閑文字手帖

馬手に盃 弓手に肴

078 ありふれた有能

 正しくは魚偏に生と書くらしい。

 鮭のことである。

 色々細かい意味のちがひがあるさうだが、まあその辺は云はない。気になるなら、ご自身でお確かめなさい。

 鯵や鯖、鰯と並んで、“ありふれたお魚”四天王の一角でせう。惡くちではありませんよ。ありふれてゐるのは、旨くて、漁獲があるからで、嬉しい話ぢやあないですか。

 もうひとつ。様々の食べ方が用意されてゐることも、四天王の素晴らしい共通点だらう。加へるに四天王は、食卓の主役を張れもするが、時と場合に応じて、脇を渋く固めも出來る。変幻自在の名優と云ふべきか。鯛や鮪、鰤の美味さは十分に理解するが、かういふ闊達さの点では、一歩を譲らざるを得ない。その変幻自在自由闊達な四天王の中、半歩…一歩、抜き出てゐるのが鮭で、鯵鯖鰯支持者からは、異論が呈されるだらうか。

 ところで鮭と云へば食べもの。なのは当然として、上代ではそれだけに留まらなかつたらしい。何で目にしたか、記憶にないから、そこは控へるが、越と呼ばれた地域、今で云ふ新潟とかあの辺りには、漁撈族が棲んでゐて、主な獲物は鮭であつた。勿論、喰ふ。だけでなく、皮を履き物や衣服に用ゐもしたらしい。徳川光圀は鮭の皮が大好物(那賀川の鮭は美味なのださうな)で、厚さ一寸の鮭の皮があれば、三万石だかと交換してもいいとか、呟いたさうだが、さういふ嗜好の持ち主からすると、越の漁撈民は度し難いだらうな。懲らしめてやりなさい、なんて云ひかねないぞ。気持ちは判らなくもない。鮭の皮は旨いもの。併し厚さ一寸となると、勘弁してもらへないかとも思へる。ビーフ・ステイクでもあるまいに。…ええと、何の話だつたか知ら。

 さう。鮭の有能。食糧としては勿論、生活の軸になつてゐた時代があつたわけで、遊牧民の馬や羊、エスキモー乃至イヌイットのアザラシといつた例はあるが、魚類がさうなつたのは、鮭くらゐではなからうか。

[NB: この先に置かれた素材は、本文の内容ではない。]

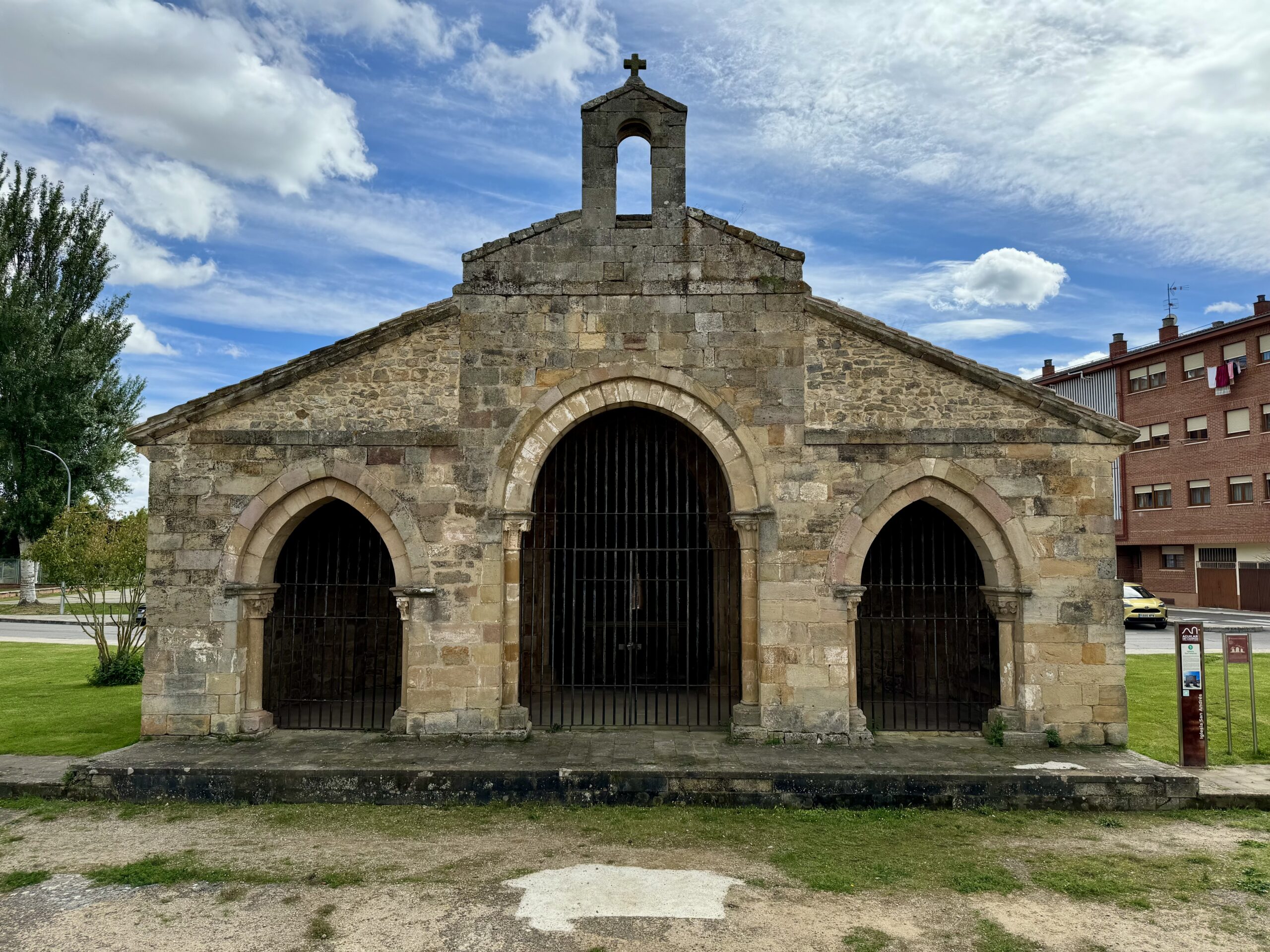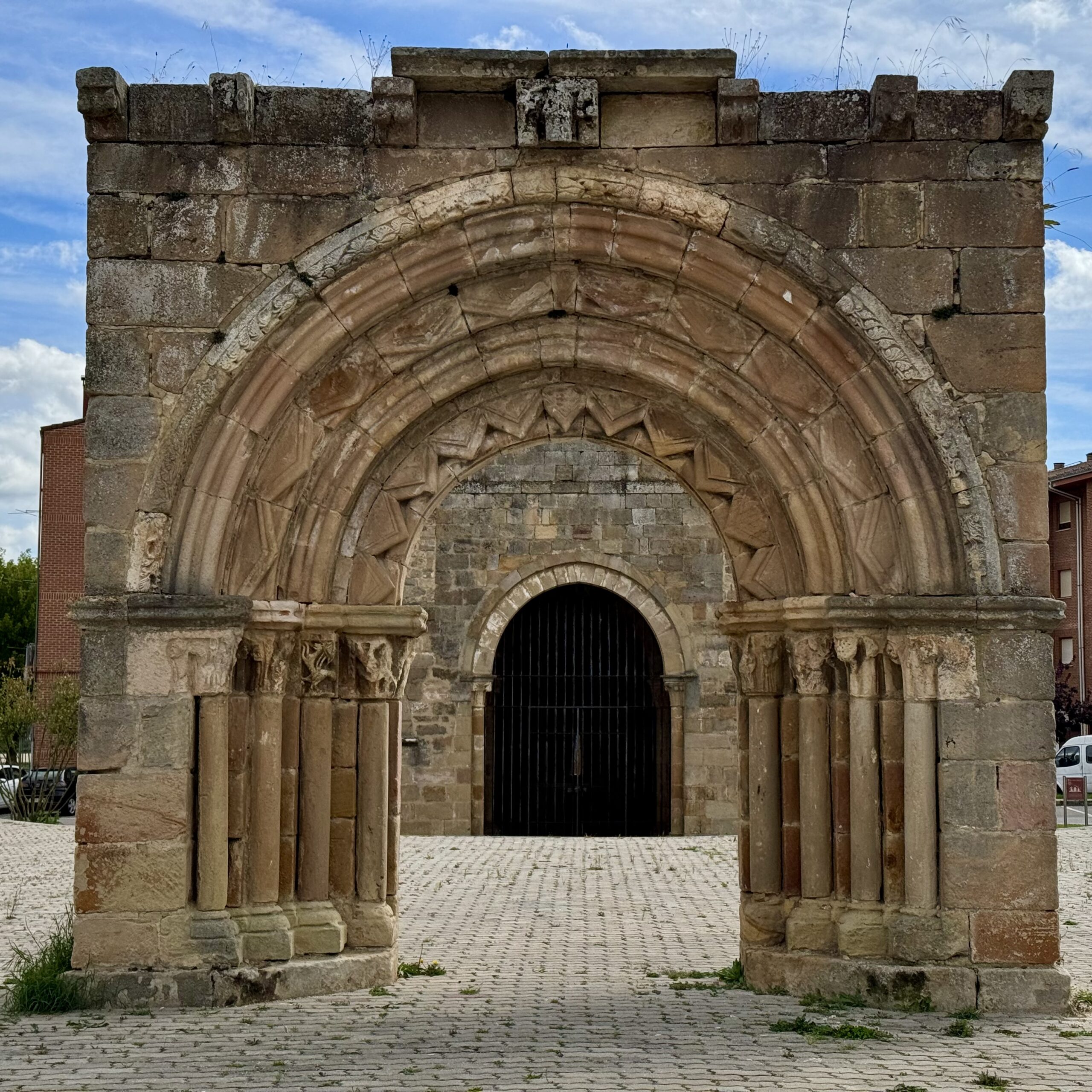 原始的な教会で残っているのは、ロマネスク様式の要素、つまり、その扉口と後陣だけである。彫刻的装飾は、扉口と柱頭に集中しており、サン・アンドレス・デ・アロヨ修道院(monasterio de San Andrés de Arroyo)との明確な関連性を示している。ズーモルフィックな人物像や擬人化された人物像もある。扉口には、ノコギリの歯、ジグザグのモチーフ、植物の装飾で飾られた四つのアーキヴォルトがある。
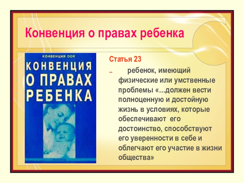 или умственные проблемы «…должен вести полноценную и достойную жизнь в условиях, которые обеспечивают его достоинство, способствуют его уверенности в себе и облегчают его участие в жизни общества»
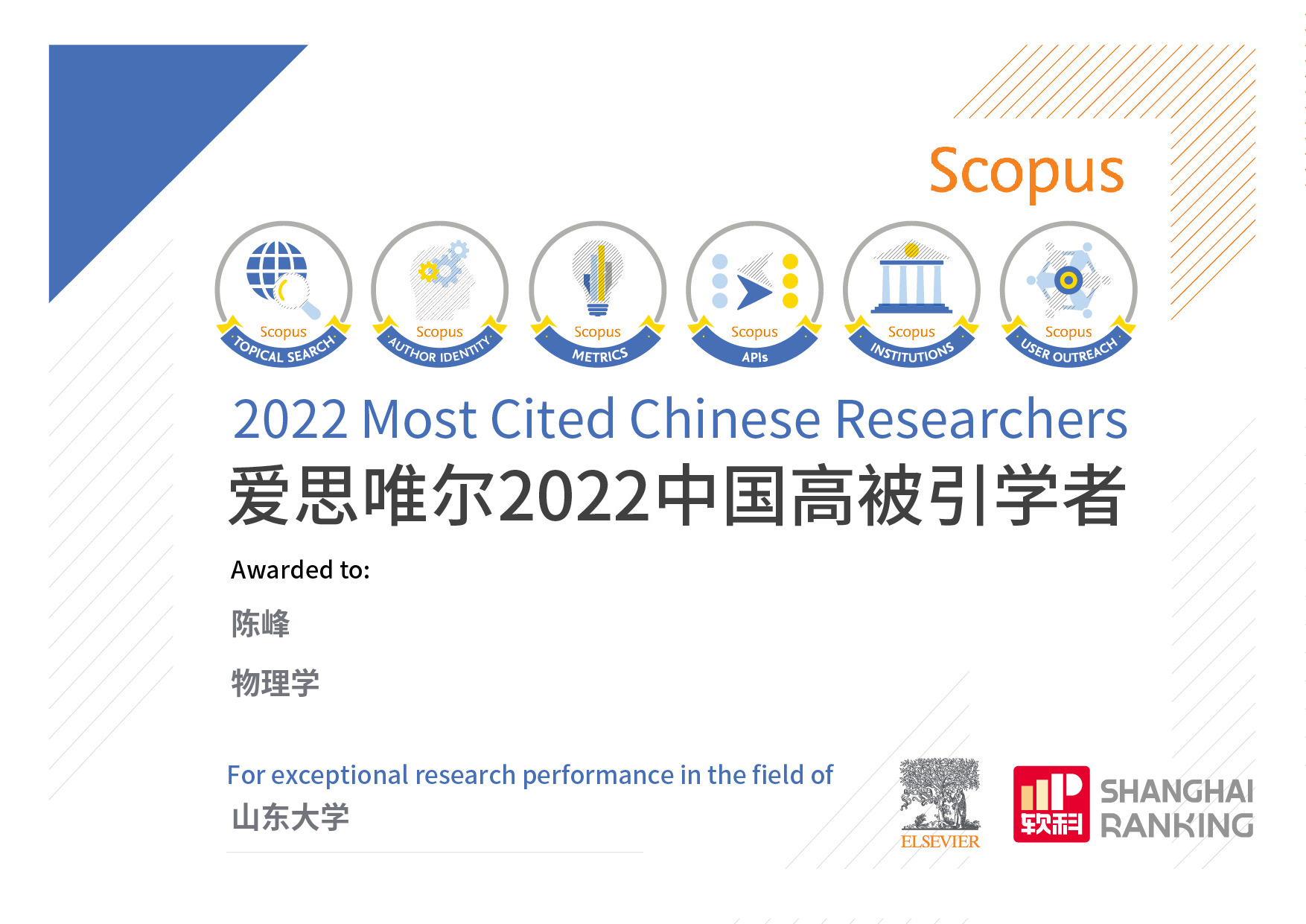 2023年3月28日,2022爱思唯尔(Elsevier)“中国高被引学者”(Highly Cited Chinese Researchers)年度榜单正式发布。全球最大顶级体育平台陈峰、赵明文、戴瑛、马衍东四位教授入选“物理学”学科榜单。其中陈峰教授和赵明文教授连续9年上榜(2014-2022),戴瑛教授和马衍东教授是第3次获此殊荣。
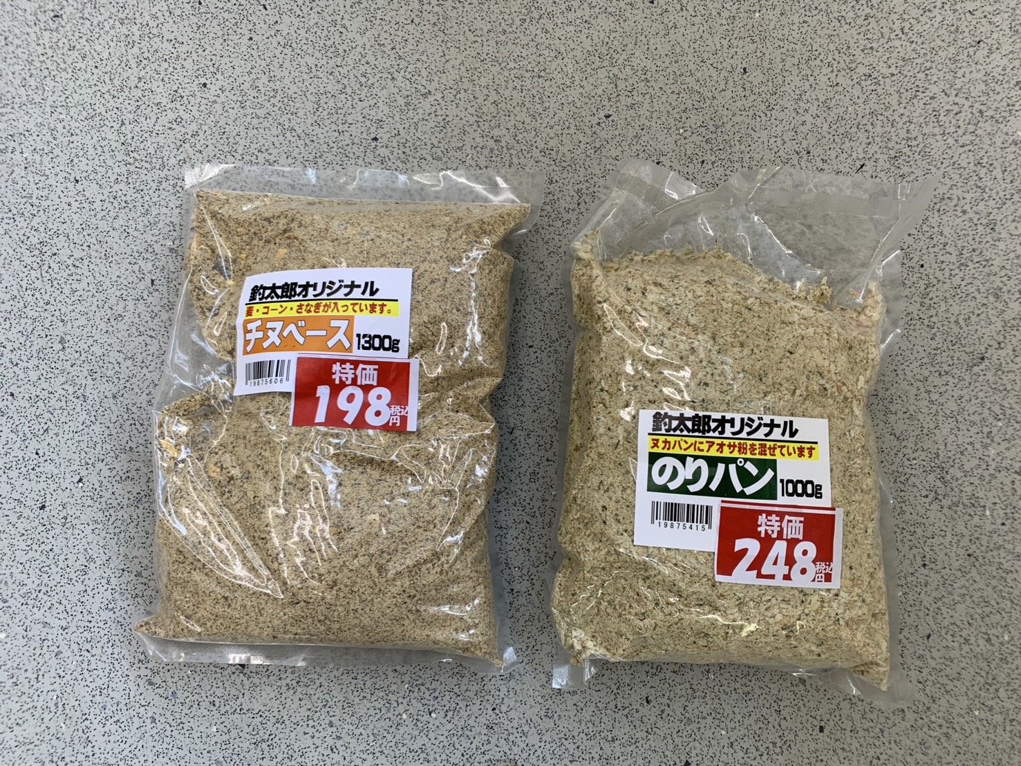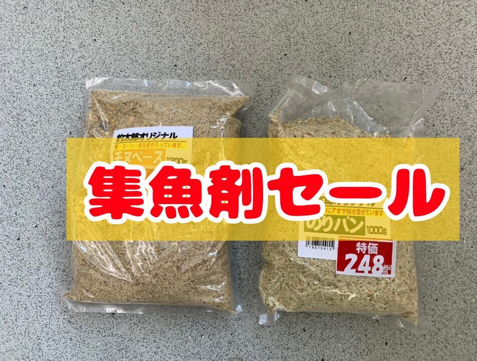 集魚剤セール始めました!のりパン248円&チヌベース198円の大特価です! 未分類 2025.06.06 のりパン1000g通常価格 398円→248円 チヌベース1300g通常価格 398円→198円 在庫限りで終了です! 是非お買い求めください!
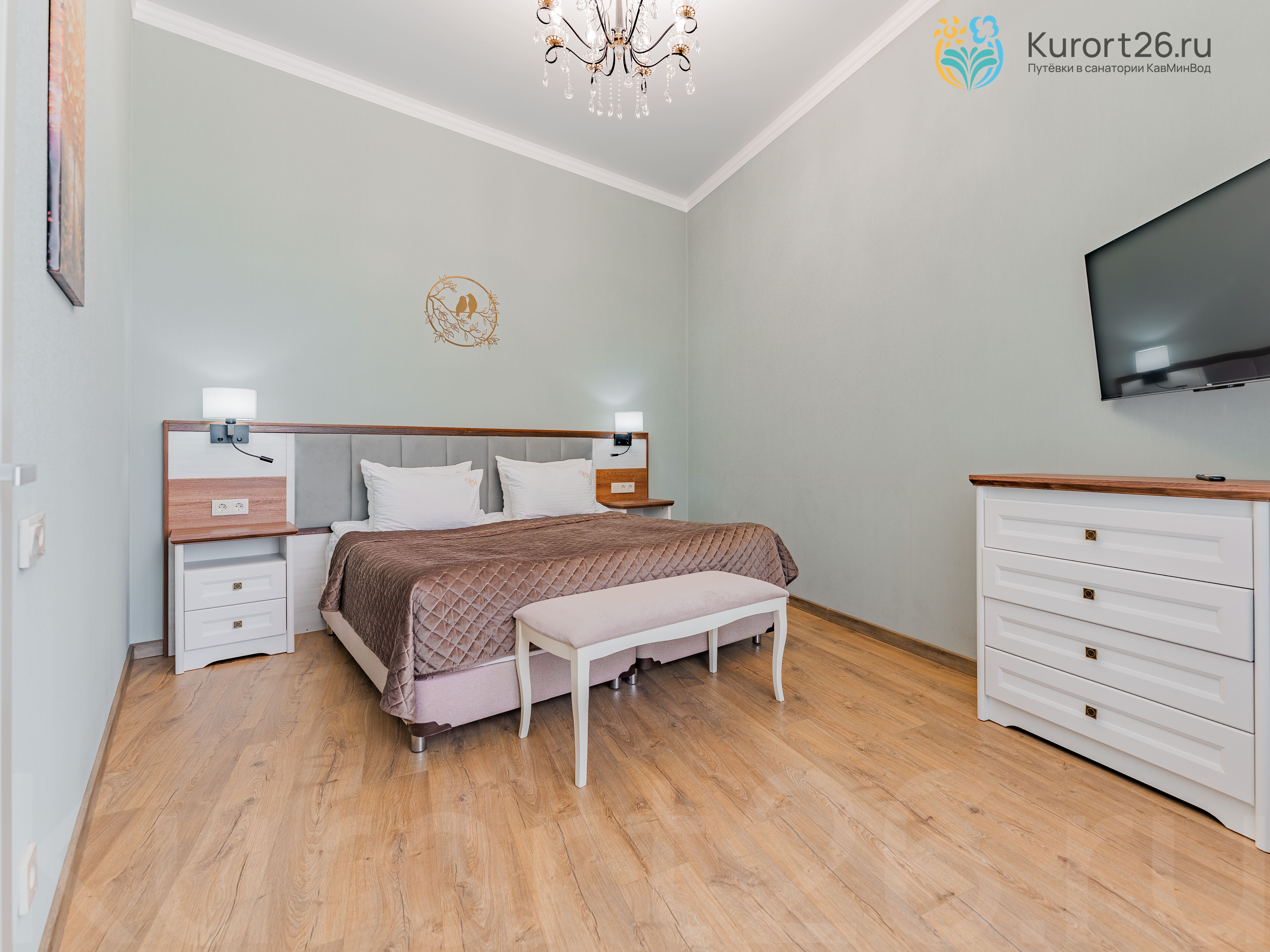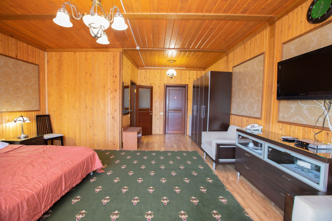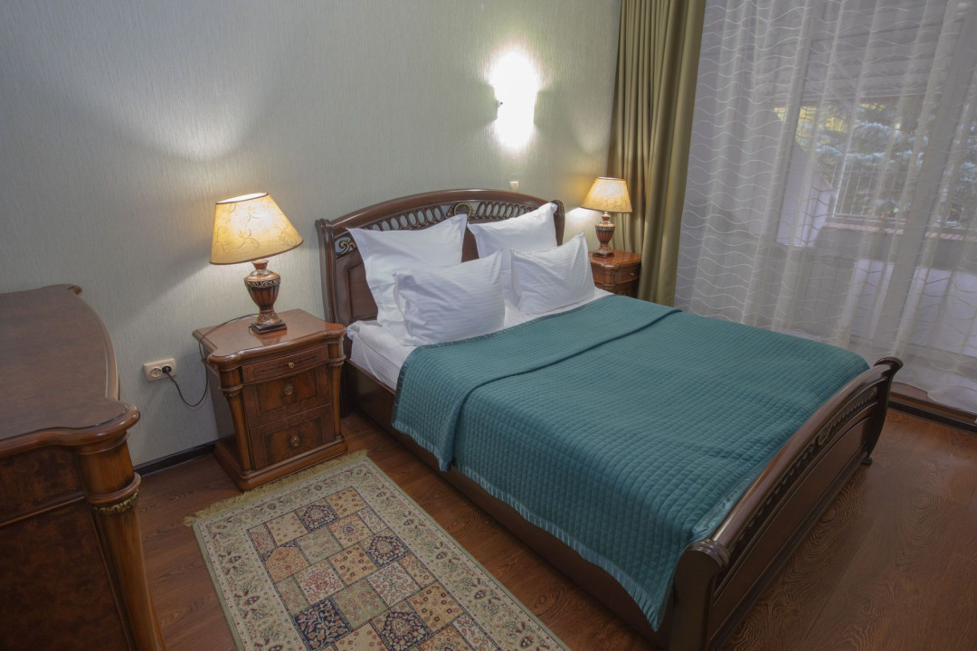 холодильник, телевизор, интернет в номере, санузел с душевой кабиной, ванные принадлежности, двуспальная кровать, шкаф, набор мягкой мебели, прикроватные тумбочки, электрочайник, стол
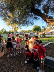 Papá Noel también visitó el Patio Alberdi, donde recibió las cartitas de los más pequeños, llenando cada rincón de ilusión y sonrisas.

海に棲むといふ点だけを見ても鮭に対抗出來たのは鯨くらゐの筈(我われのご先祖の鯨の用ゐ方は、巧妙をきはめてゐた)で、鯵も鯖も鰯も、さういふ応用は出來なかつた。それが栄光に値するかどうかは、鮭諸君に訊かねばならないとして、我われのご先祖にとつて、こんなに便利な魚はなかつたと断定して、反論は出ないのではないか。

 實際、鮭といふ食べものは、現代に到るまで、その有能さに陰りはなく、食ひしん坊を悦ばし續けた。でなければ「火をたっぷり真赤におこして薄く灰をかけ、そして少し遠く離して上から日本紙をかぶせてこんがりと焼きあげ」た鮭の身に、「牡丹の花びらのような淡桃色」といふ美しい譬喩は決してうまれない。或いは「サケはどこもかしこもおいしい魚だが、ことさら、その頭のところは、おいしい軟骨で埋まっているようなものだから」と、三つでも四つでも買つてきて、「最も廉価な、地上の仕合わせが、たちどころに」實現するなどと昂奮も出來まい。

 うーむ。

 こつちまで、昂奮してきた。

 辰巳浜子の『料理歳時記』と、檀一雄の『檀流クッキング』からの引用だもの、当然と云へば当然として、ここで不意に、美味い鮭を食べさすお店は、存外に少ないんではないかと思ひ当つた。お弁当の添へもの、コンビニエンス・ストアのおにぎり、フライのサンドウイッチ、回転寿司屋の種辺りが精々で、気のきく呑み屋なら、マリネーくらゐは出すだらうが、分厚い切り身の塩焼きやちやんちやん焼き、氷頭なます、三平汁にルイベにメフン(内臓の塩辛だといふ。美味からうな)に燻製。単純な割烹は勿論、凝りに凝つたとしても…檀はスモークト・サモンを、「人間の味わい知る飲食の喜びのうちでも、完璧に近」い、「人工と自然のきわどい合体」と、熱烈に讚してゐる…、まつたく美味いのだから、シェリーや葡萄酒、お酒と共に、最初から最後まで鮭尽しも、商ひとして成り立つにちがひないのに、何故だらう。ひよつとして、一寸厚の皮を用意出來ないから、水戸の方向に遠慮してゐるのかも知れない。